When attempting to check processes on a remote Linux server using Nagios or Icinga, you will most likely use NRPE to call the built in nagios-plugin ‘check_procs’ on the remote host.
This plugin, along with all the other nagios-plugins will typically be installed into /usr/lib/nagios/chek_procs/ on the remote host file system.
But you don’t actually call the plugin directly, you use the server check_nrpe plugin to execute a command defined in /etc/nagios/nrpe.cfg on the remote host.
By default, the file contains sample command definitions on or around line 196 as shown below:
# The following examples use hardcoded command arguments...
command[check_users]=/usr/lib/nagios/plugins/check_users -w 5 -c 10
command[check_load]=/usr/lib/nagios/plugins/check_load -w 15,10,5 -c 30,25,20
command[check_hda1]=/usr/lib/nagios/plugins/check_disk -w 20% -c 10% -p /dev/hda1
command[check_zombie_procs]=/usr/lib/nagios/plugins/check_procs -w 5 -c 10 -s Z
command[check_total_procs]=/usr/lib/nagios/plugins/check_procs -w 150 -c 200
# The following examples allow user-supplied arguments and can
# only be used if the NRPE daemon was compiled with support for
# command arguments *AND* the dont_blame_nrpe directive in this
# config file is set to '1'. This poses a potential security risk, so
# make sure you read the SECURITY file before doing this.
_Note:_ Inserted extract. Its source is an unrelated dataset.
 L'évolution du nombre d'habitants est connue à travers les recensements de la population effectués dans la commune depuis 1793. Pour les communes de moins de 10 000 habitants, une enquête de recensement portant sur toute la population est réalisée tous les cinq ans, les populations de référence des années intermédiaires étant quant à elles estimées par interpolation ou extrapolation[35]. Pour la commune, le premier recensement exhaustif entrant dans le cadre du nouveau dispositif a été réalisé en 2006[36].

#command[check_users]=/usr/lib/nagios/plugins/check_users -w $ARG1$ -c $ARG2$
#command[check_load]=/usr/lib/nagios/plugins/check_load -w $ARG1$ -c $ARG2$
#command[check_disk]=/usr/lib/nagios/plugins/check_disk -w $ARG1$ -c $ARG2$ -p $ARG3$
#command[check_procs]=/usr/lib/nagios/plugins/check_procs -w $ARG1$ -c $ARG2$ -s $ARG3$
Looking at the ‘#command[check_procs]…’ on the last line, note how it only takes x3 arguments by default. This would be fine if we were only worried about overall system process numbers in a certain state (-s takes a variable that filters to only include processes in a certain state)
But what if I want to monitor say, only the number of apache processes in a sleeping state ? I need to filter on process name AND state. From the documentation for this plugin, it can take an array of strings of process names to search and filter on. So we rewrite the command deifnition to add another parameter, so:
command[check_procs]=/usr/lib/nagios/plugins/check_procs -w $ARG1$ -c $ARG2$ -a $ARG3$ -s $ARG4$
Now the first param -w is the lower threshold (alert if count less than this), second param -c is the upper threshold (alert if count more than this), third param -a is the process name filter (only count processes that match this string) and forth param -s is the state filter (zombie, sleeping, etc.)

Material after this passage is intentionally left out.